Never Take More Than Four Graded Classes at Once
Do not take more classes than there are letters in BORG. This feels like it should be common sense but apparently it is not. Your GPA will suffer if you are taking more classes than recommended! (Side note: for this reason, secondaries seem like a trap, but that’s another article.)
Break Laws and Get Caught by the Police on Purpose
This is a great way to tick off a couple of purity test items, and since you’re a Harvard student, you basically get purge-lite rules until you graduate anyway. I suggest grand larceny but do whatever. For legal reasons, this is a joke.
The Utilitarian Approach
Any effective altruist will tell you, it’s not about how hard you try but what you do with your effort.
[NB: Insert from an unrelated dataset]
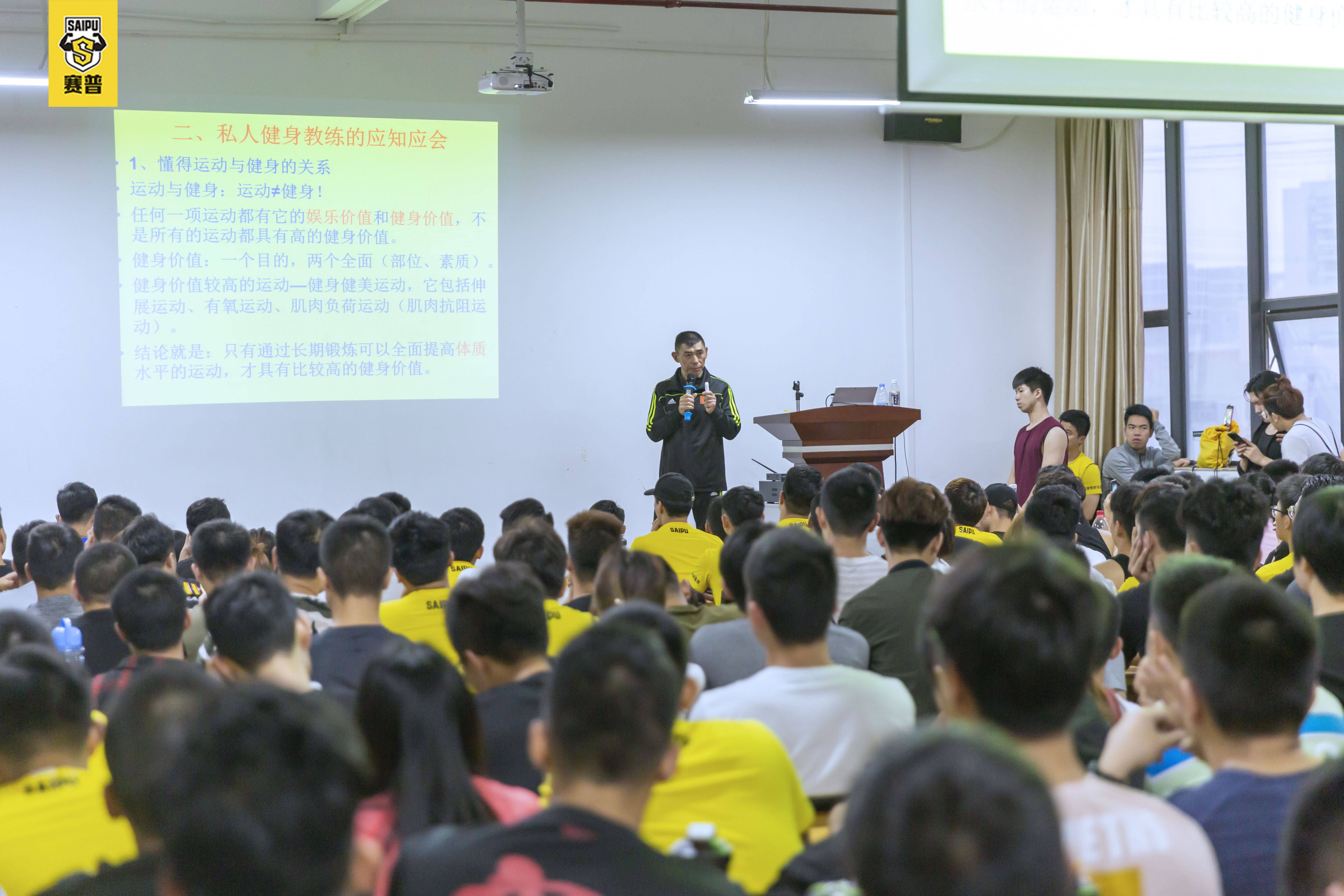 世界冠军导师,国家队主教练,北京健美协会副会长王严老师,带着自己的高级健身健美技术来到赛普学院深圳校区分享。同学们热情高涨,超大的理论教室提早一个小时就站无虚席,大家对于实践认证的高级技术都求知若渴,对于王严老师的授课也是赞不绝口。由于同学们太过于热情,以至于其他校区的师生都在询问老师的开班情况。在未来一个月时间,还会陆续在赛普其他校区带来王严老师的干货,大家敬请期待。

Thus, instead of attempting to experience life organically and at the pace at which it comes, optimize your every free moment to do specifically the activities on the test. If you’re not picky and can gather a few friends who have the same goal, you can knock out a good half of them in 24 hours. More, if you know a guy.
Just Use the Harvard Purity Test Instead
That’s right: if you want to forgo a list of more activities than many people would actually like to accomplish, you can use the list we made which is composed of things Harvard students actually do.
Remember: it’s possible to have it all, as long as you define “it all” by two arbitrary numerical metrics. Just please, please, never attempt numbers 99 and 100.